* TASK DIRECTIONS: A faithful, word-for-word copy of the data below is required, without pictures.

* DATASET SECTION:
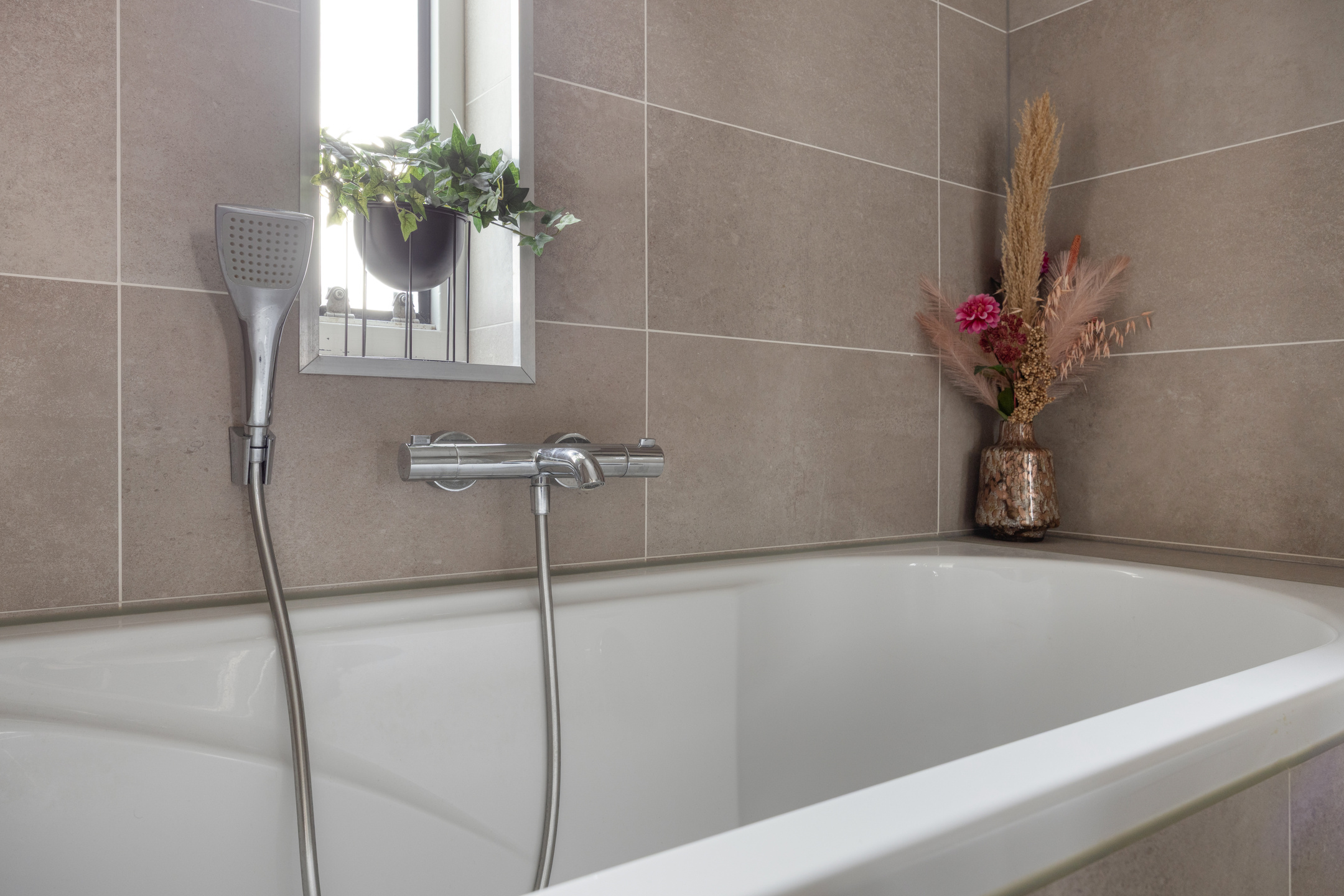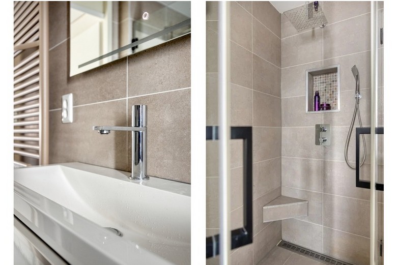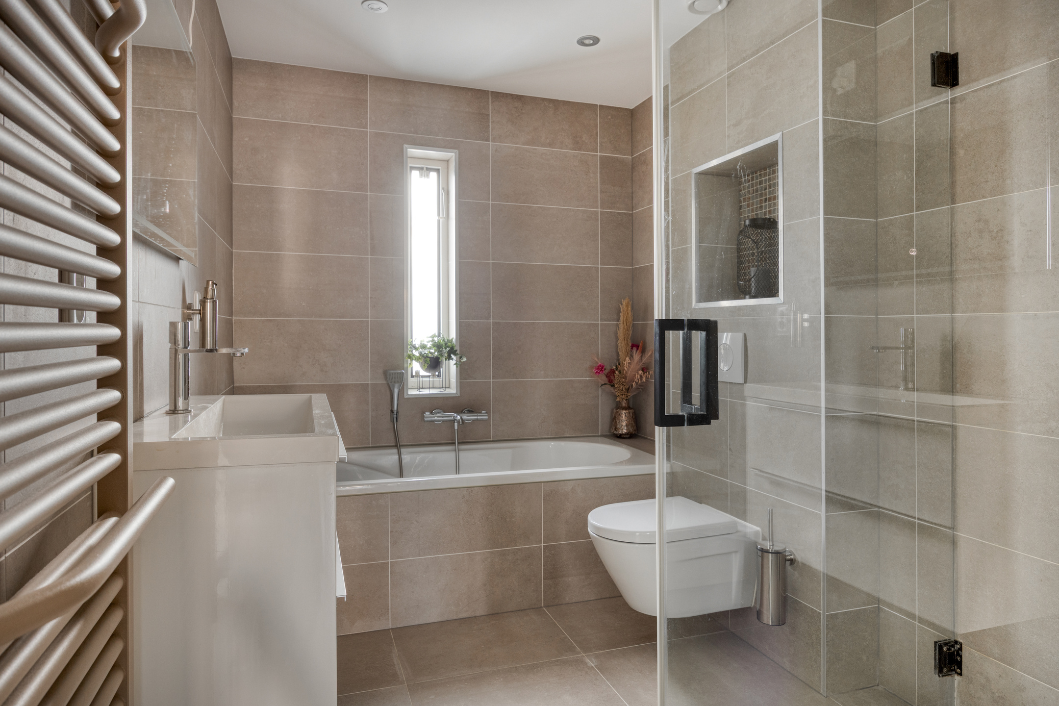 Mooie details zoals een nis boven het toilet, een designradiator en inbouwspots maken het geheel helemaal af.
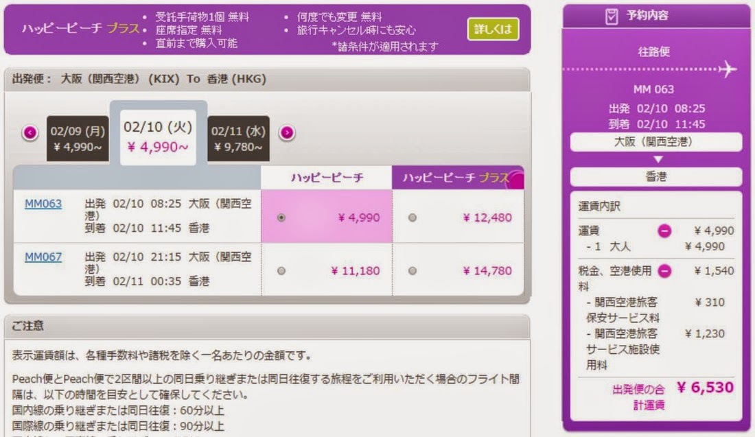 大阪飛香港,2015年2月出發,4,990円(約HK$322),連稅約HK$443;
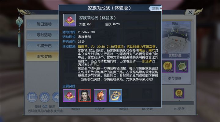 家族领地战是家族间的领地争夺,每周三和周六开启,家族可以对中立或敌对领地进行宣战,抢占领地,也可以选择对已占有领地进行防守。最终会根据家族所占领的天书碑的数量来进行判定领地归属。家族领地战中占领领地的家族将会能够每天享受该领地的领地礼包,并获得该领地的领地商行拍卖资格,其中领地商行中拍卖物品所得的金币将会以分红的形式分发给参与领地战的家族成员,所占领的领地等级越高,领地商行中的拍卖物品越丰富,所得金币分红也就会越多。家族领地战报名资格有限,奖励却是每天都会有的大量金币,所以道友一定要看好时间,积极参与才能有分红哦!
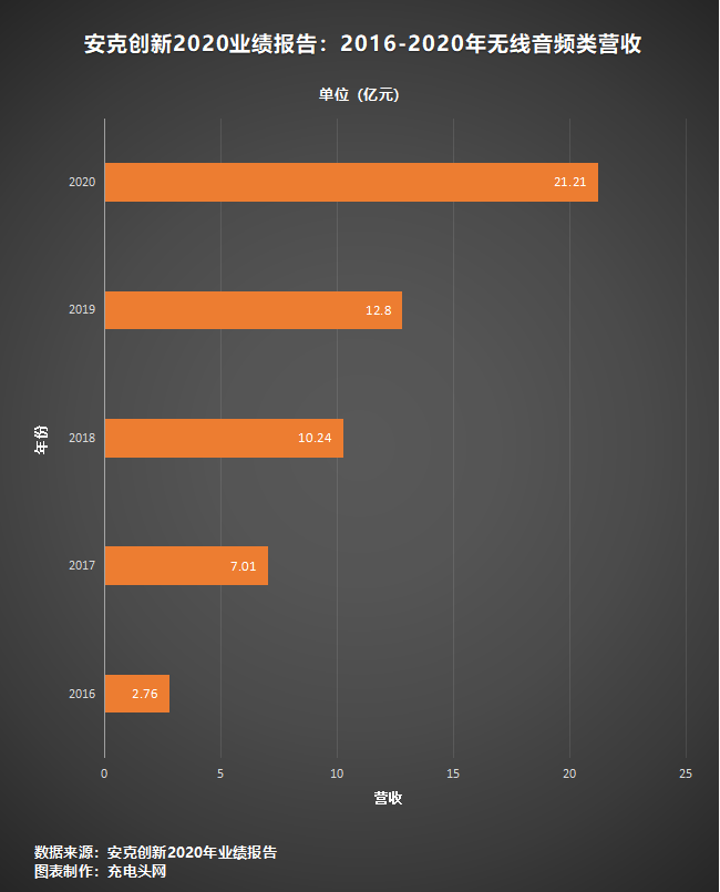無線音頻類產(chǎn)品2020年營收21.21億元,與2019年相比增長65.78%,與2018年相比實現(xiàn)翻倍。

* RESPONSE TO THE EXERCISE:
 Mooie details zoals een nis boven het toilet, een designradiator en inbouwspots maken het geheel helemaal af.
 大阪飛香港,2015年2月出發,4,990円(約HK$322),連稅約HK$443;
 家族领地战是家族间的领地争夺,每周三和周六开启,家族可以对中立或敌对领地进行宣战,抢占领地,也可以选择对已占有领地进行防守。最终会根据家族所占领的天书碑的数量来进行判定领地归属。家族领地战中占领领地的家族将会能够每天享受该领地的领地礼包,并获得该领地的领地商行拍卖资格,其中领地商行中拍卖物品所得的金币将会以分红的形式分发给参与领地战的家族成员,所占领的领地等级越高,领地商行中的拍卖物品越丰富,所得金币分红也就会越多。家族领地战报名资格有限,奖励却是每天都会有的大量金币,所以道友一定要看好时间,积极参与才能有分红哦!
無線音頻類產(chǎn)品2020年營收21.21億元,與2019年相比增長65.78%,與2018年相比實現(xiàn)翻倍。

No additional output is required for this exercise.